Why Covid Has Made Commercial Leasing Better for a Tenant

If you are an existing tenant or a potential tenant considering leasing commercial (office and retail primarily) space, COVID has created some good leasing benefits in your favor. Many tenants are missing out on these benefits because they aren’t aware of them or don’t know how to get them. They won’t last forever, so the sooner you make a deal the better.

One of the main benefits for commercial tenant leasing space is a lower rent and/or more tenant concessions (free rent, improvement allowance, moving allowance, etc.). Landlords vary quite a bit on how they will give a tenant a credit here and it really many times depends on whether the landlords want quick cash flow or want a higher resale value. You have to find out what the landlord’s goal is before you start negotiating to get your best deal. A landlord that wants quick cash flow will usually give you a lower rent. A landlord that wants a higher property value will usually not lower the asking rent much, but will instead give you free rent and more tenant improvements and other similar types of concessions.
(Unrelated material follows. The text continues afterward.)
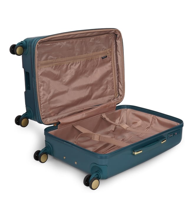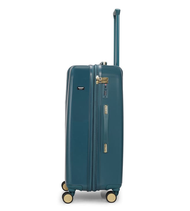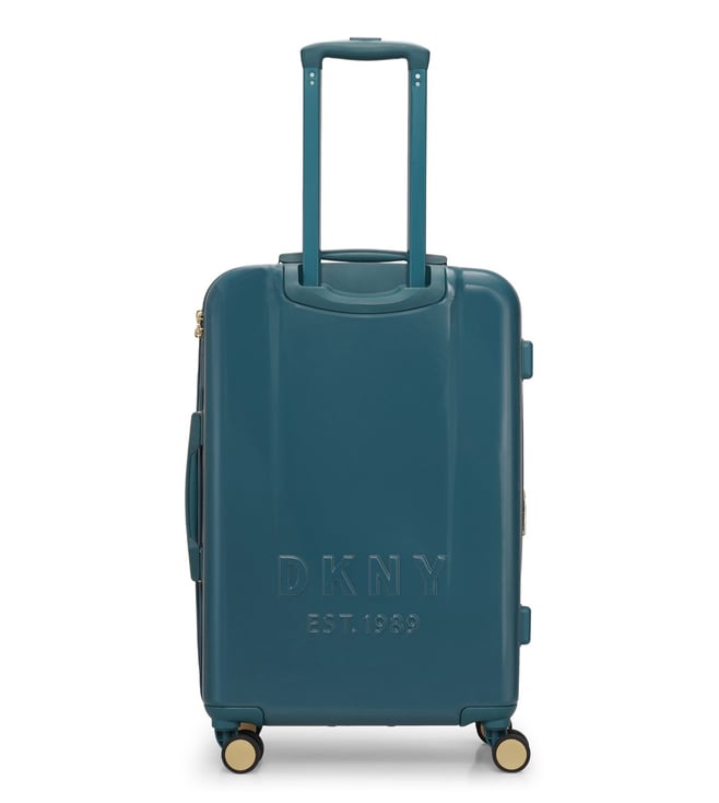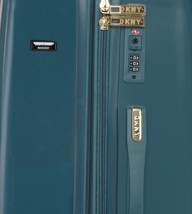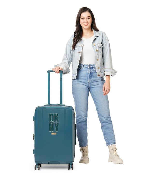 New era the modern, confident, and iconic medium trolley from the house of DKNY. Engage your confidence and elevate your style and impact with this designer luggage. The body is of abs with geometric angled corner design, smooth movements, polyester material, tenaciously tough and highly desirable. The grips have luxurious flush fabric grips, stylish iconic enamel logo, seal in dryness, and is water resistant. The 360-degree all-way wheels ensure gentle and silent moves as a breeze. Create an aura of your presence.

Another COVID lease benefit that favors a tenant is the lease language itself. Landlords are more open to clauses that favor tenants like not having to pay rent if COVID continues to shut down a tenant’s business or even cause less income for a tenant’s business.

I have found that if a lease is carefully and artfully negotiated, a tenant at this time will pay less than before COVID started by a quite a bit. This is especially true in the first year of the lease since the landlord knows the space he has might sit vacant for another year or more without a tenant.

Each situation is unique and needs to be figured out carefully. A tenant will do best if they hire an experienced broker to help them; a tenant should not negotiate on their own. I have negotiated many leases since COVID occurred and in my 35 plus years of negotiating commercial leases, I have not seen such favorable tenant terms. If you would like to find out how you can save money on your next lease, please contact me as follows:

David Massie

DJM Commercial Real Estate

david@djmcre.com

805-217-0791

Round Three: Commercial Tenant Lease Options During COVID – Save Money By Terminating Your Lease Early

Are you currently a tenant leasing space in a commercial (retail, office, industrial usually) property with your business suffering significant losses?  If so, do you want to know what your options are and what you should be doing about it now and in the future?  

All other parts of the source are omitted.